As circunstâncias e as pessoas

As circunstâncias não fazem as pessoas, apenas as revelam. 

Embora a nossa tendência dramática nos leve logo para coisas "más" (e vamos convir, vai ser o foco deste texto, por isso a vossa tedência estava certa), mas também costuma ter reviravoltas positivas.

Quando alguém nos surpreende (ou vai surpreendendo) com uma atitude que choca, diferente do que estariamos à espera, quer seja por questões de valores diferentes, por ser sui generis, por estar fora do enquandrameto que esperamos de determinada pessoa, há, muitas vezes, a tendência para arranjar desculpas para o que aconteceu (por norma, quando são pessoas de quem gostamos muito). 

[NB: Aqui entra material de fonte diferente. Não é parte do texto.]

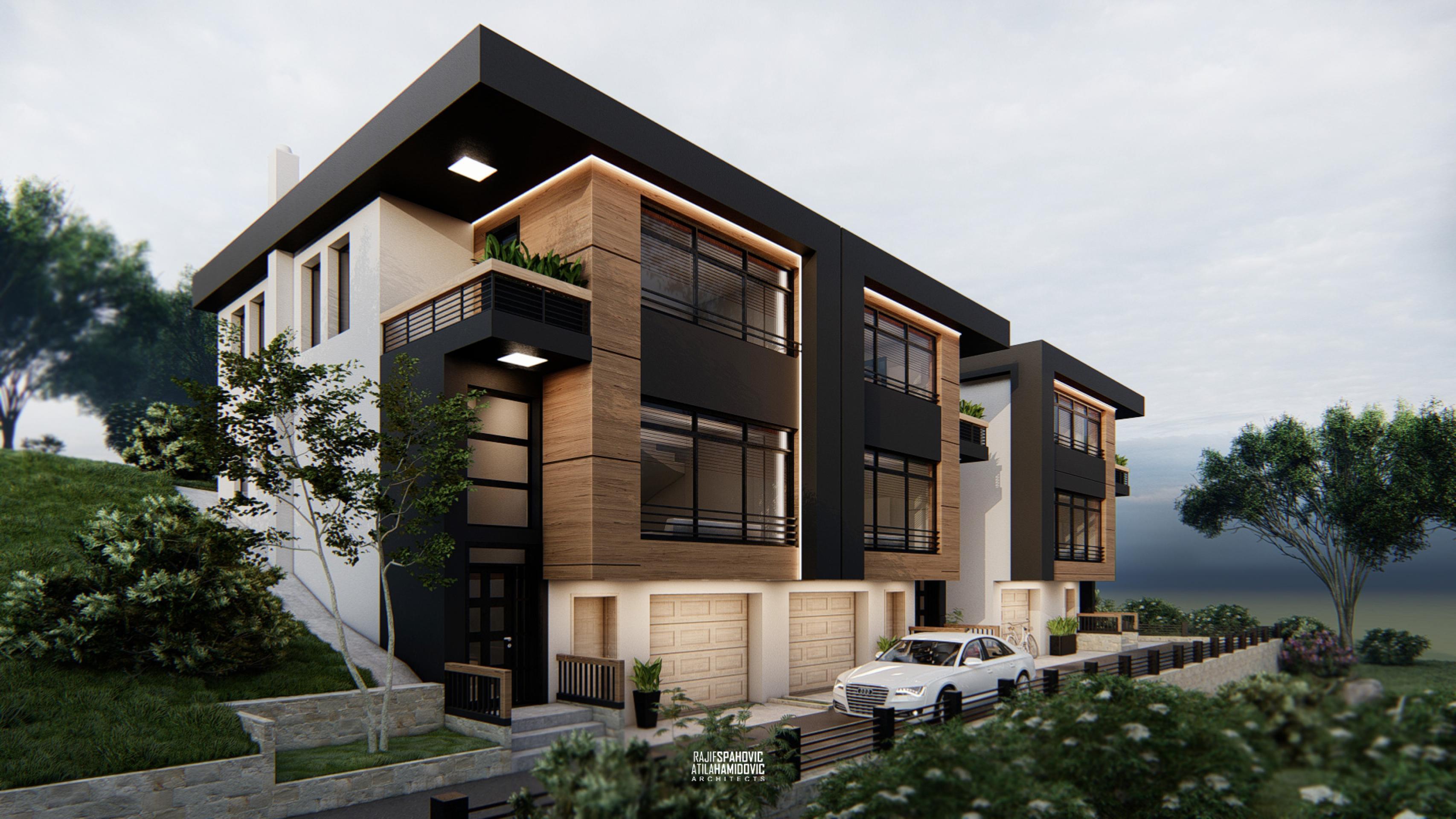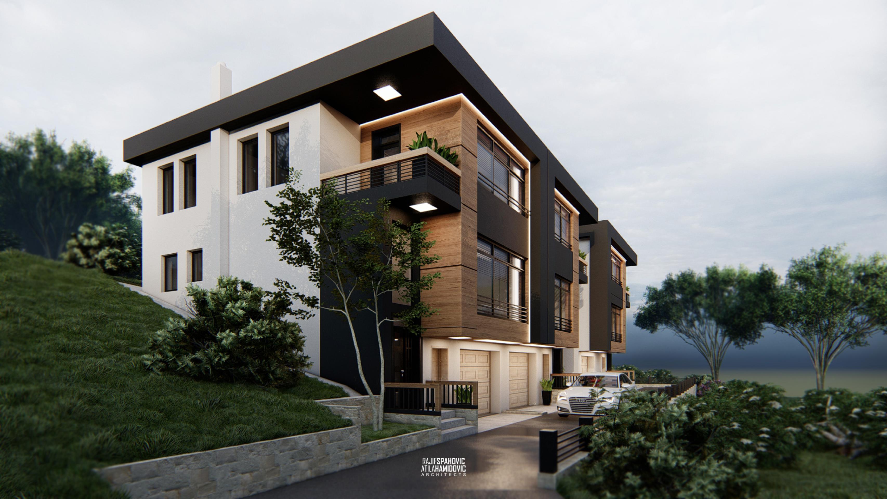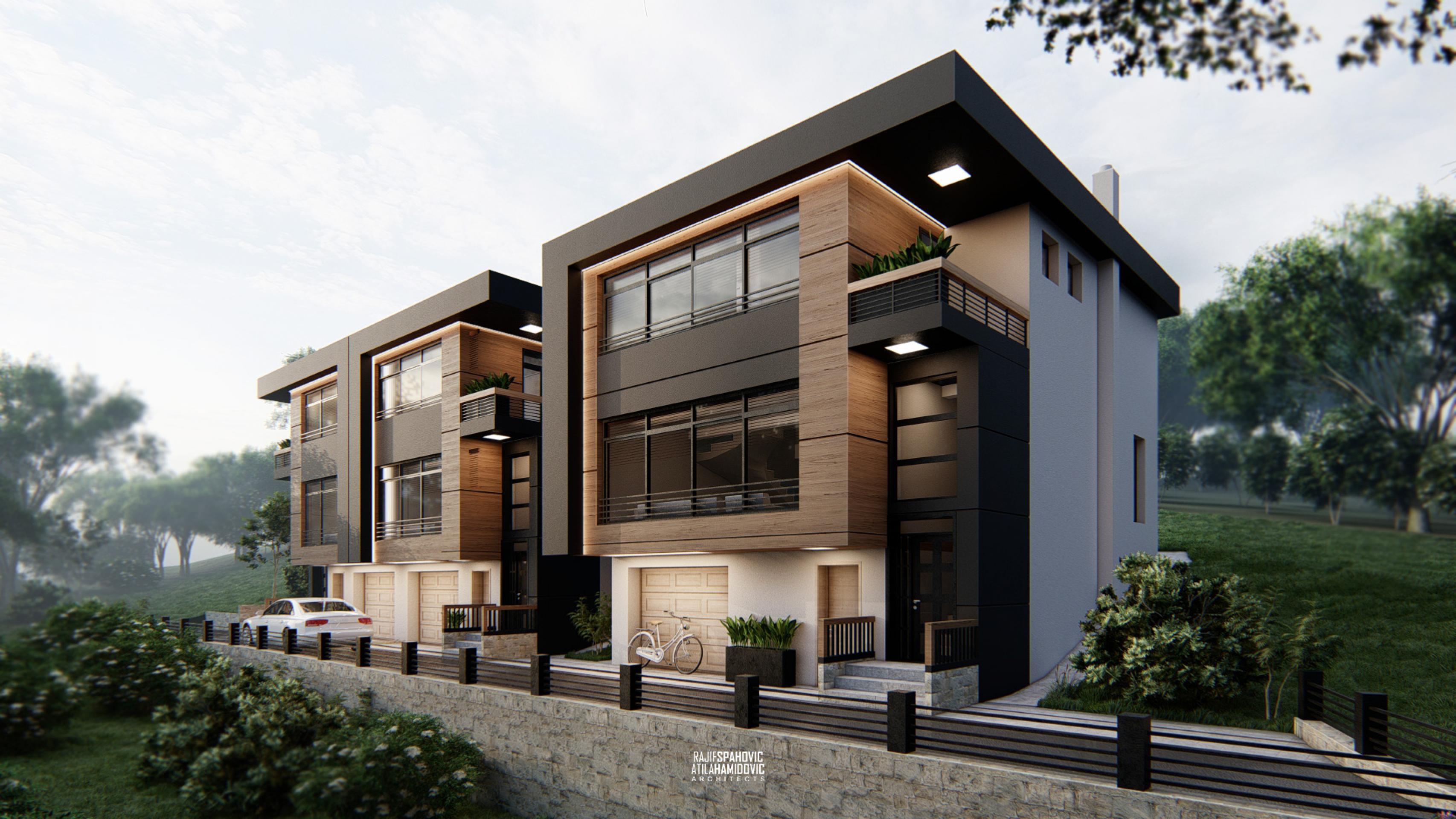 Triple Houses are a residential buildings located on the periphery part of Novi Pazar. It is designed in a modern style using contemporary materials on the facade.

O não julgamento é algo que não sabemos usar. Julgamos e vamos julgando ao longo do nosso dia tudo e todos. Normalmente fazemo-lo com base nos estereótipos que fomos criando e que nos vão ajudando a catalogar e organizar o mundo. Quando as emoções entram à mistura, tendemos a perder a capacidade de discernir e de estar presente. Como a nossa realidade (ou nossa criação de realidade) foi ameaçada, arranjamos desculpas para comportamentos que (em alguns casos, mais fortemente que outros) não devemos tolerar. Não porque sejam certos ou errados, mas porque simplesmente não são o que queremos para nós. E para quê aceitar ou tolerar, ou contentarmo-nos com menos do que queremos?